Ainsi le mariage a vu son contenu se transformer, ceci ne signifie pas que les formes antérieures aient disparu, loin de là, il demeure des couples qui souhaitent vivre heureux avec de nombreux, ou plus modestement quelques, enfants, mais il n’est plus possible de dire qu’il s’agit là de la préoccupation première. Très récemment, les médias se sont fait l’écho des tribulations d’un couple qui s’est vu refuser la bénédiction nuptiale au motif qu’il ne souhaitait pas avoir d’autres d’enfants après le mariage religieux . Cette affaire témoigne du désarroi de la société qui ne parvient plus à gérer les évolutions qu’elle a suscitées, faute de les avoir comprises et par obstination à se cramponner à une réalité bien souvent dépassée.

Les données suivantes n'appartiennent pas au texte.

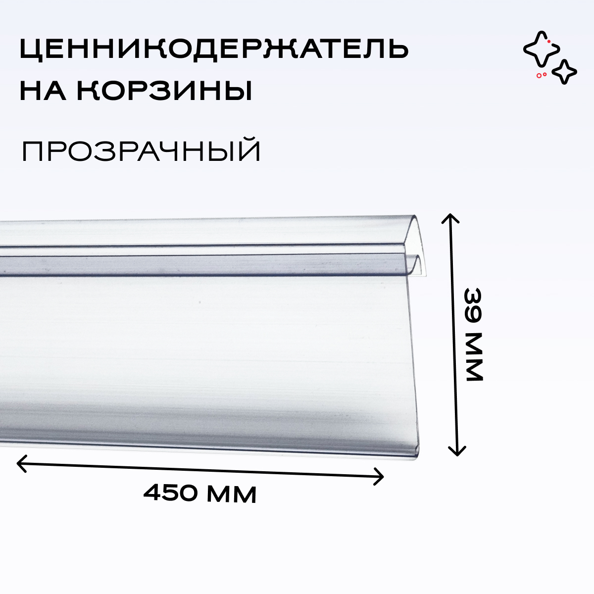 Ценникодержатель на корзины из металлических прутьев KE39 длина 450мм, цвет прозрачный, KE39-450 пр можно приобрести в интернет-магазине Lokos с доставкой или самовывозом по Челябинской области или доставкой до ТК с дальнейшей отправкой во все регионы Российской Федерации и СНГ.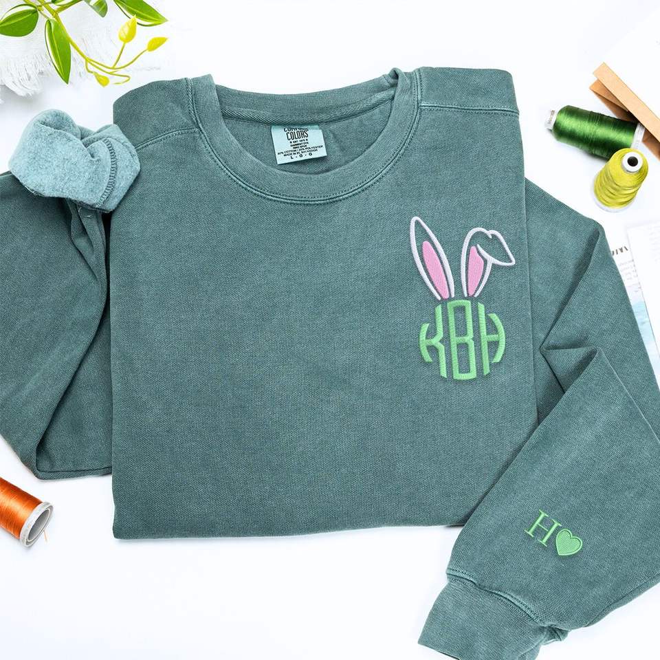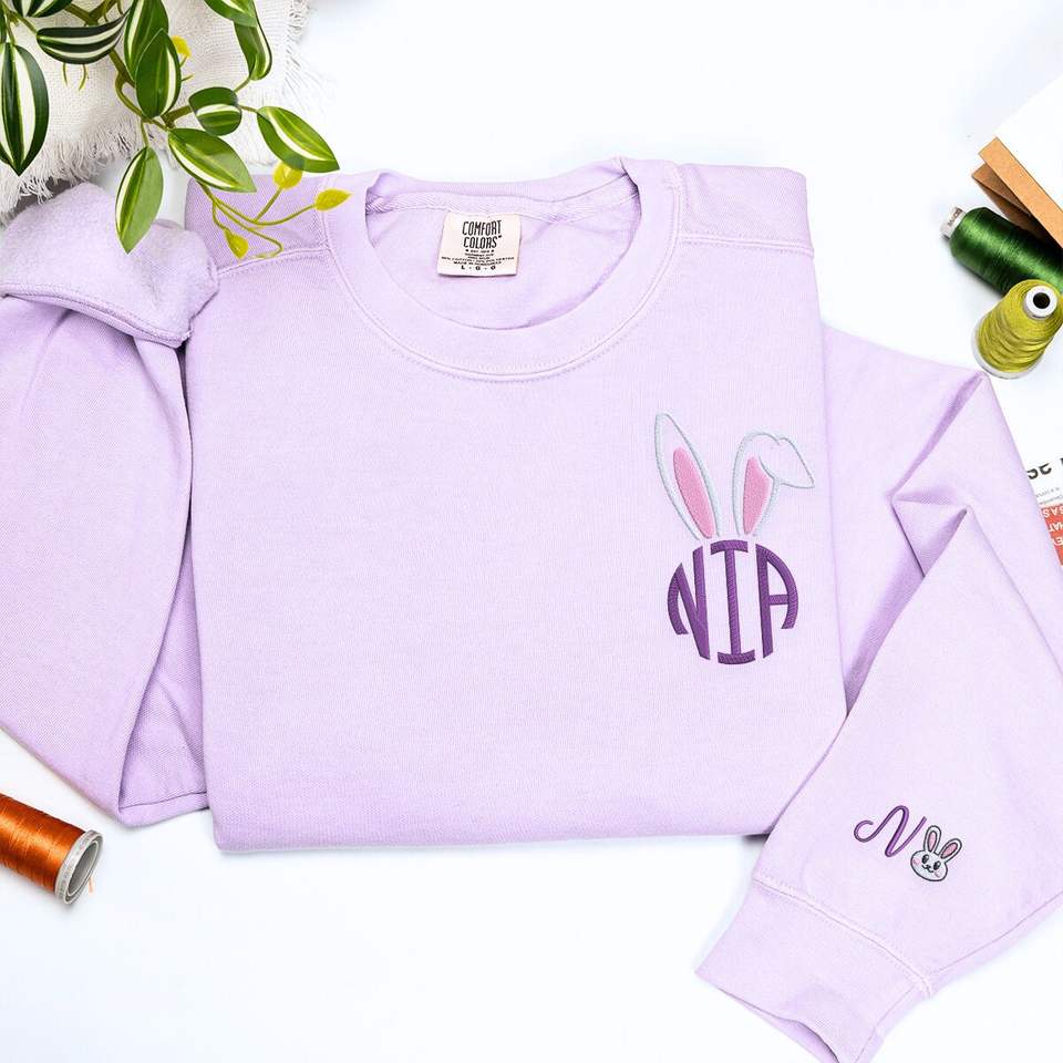 Sudadera con capucha de mujer de regalo de Pascua bordada con orejas de conejo con monograma de Color cómodo personalizado logotipo frontal para invierno otoño

Aussi, lorsque certains couples — homosexuels — viennent frapper à la porte du conformisme matrimonial en arguant de leur amour, finalité première du mariage, et de leur désir de maternité/paternité, la tradition, qu’elle soit de droite ou de gauche, est tout juste capable de leur renvoyer leur identité sexuelle et s’avère particulièrement désarmée pour résister et rétorquer à cette demande . La réfutation selon laquelle, ne pouvant procréer, ils ne sauraient prétendre au mariage, acte fondateur de la famille, apparaît comme un argument spécieux ; combien il y a-t-il de couples hétérosexuels mariés qui n’ont pas d’enfants ? Faut-il à terme les considérer comme non mariés ?
Cet affrontement évoque, pour nous, un passage, dans lequel, parlant des relations Ouest-Est durant la période de la guerre froide, C. G Jung écrivait : « Notre monde est, pour ainsi dire, dissocié à la façon des névrotiques, le rideau de fer figurant la ligne de partage symbolique. L’homme occidental, se rendant compte de la volonté de puissance agressive de l’Est se voit obligé de prendre d’extraordinaires mesures de défense. Mais, en même temps, il se flatte de sa vertu et de ses bonnes intentions. Ce qu’il ne voit pas c’est que ce sont ses propres vices, qu’il a dissimulés sous le masque des bonnes manières sur le plan international, que le monde communiste lui renvoie, sans vergogne, et méthodiquement, en pleine figure. […] Tout ce que nous avons entrepris jusqu’alors a eu remarquablement peu de résultats, et il continuera à en être ainsi tant que nous essaierons de nous convaincre nous-mêmes et de convaincre le monde, que ce sont seulement eux (c’est-à-dire nos adversaires) qui ont tort. Il vaudrait beaucoup mieux faire un effort sincère pour reconnaître dans l’autre notre propre “ombre”, et son action néfaste… » .
Cette citation peut pleinement être transposée à la situation créée par les demandes formulées par les couples homosexuels (eux/l’Est) qui, vécues comme autant d’agressions insupportables, suscitent les réactions horrifiées et vertueuses des parangons de l’union hétérosexuelle (nous/l’Ouest).
Tout ceci démontre que les notions de mariage et de famille doivent être repensées et que les réponses ne sont ni évidentes, ni simples et que la société occidentale ne détient, en cette matière, comme peut-être en beaucoup d’autres, ni la vérité absolue, ni la solution.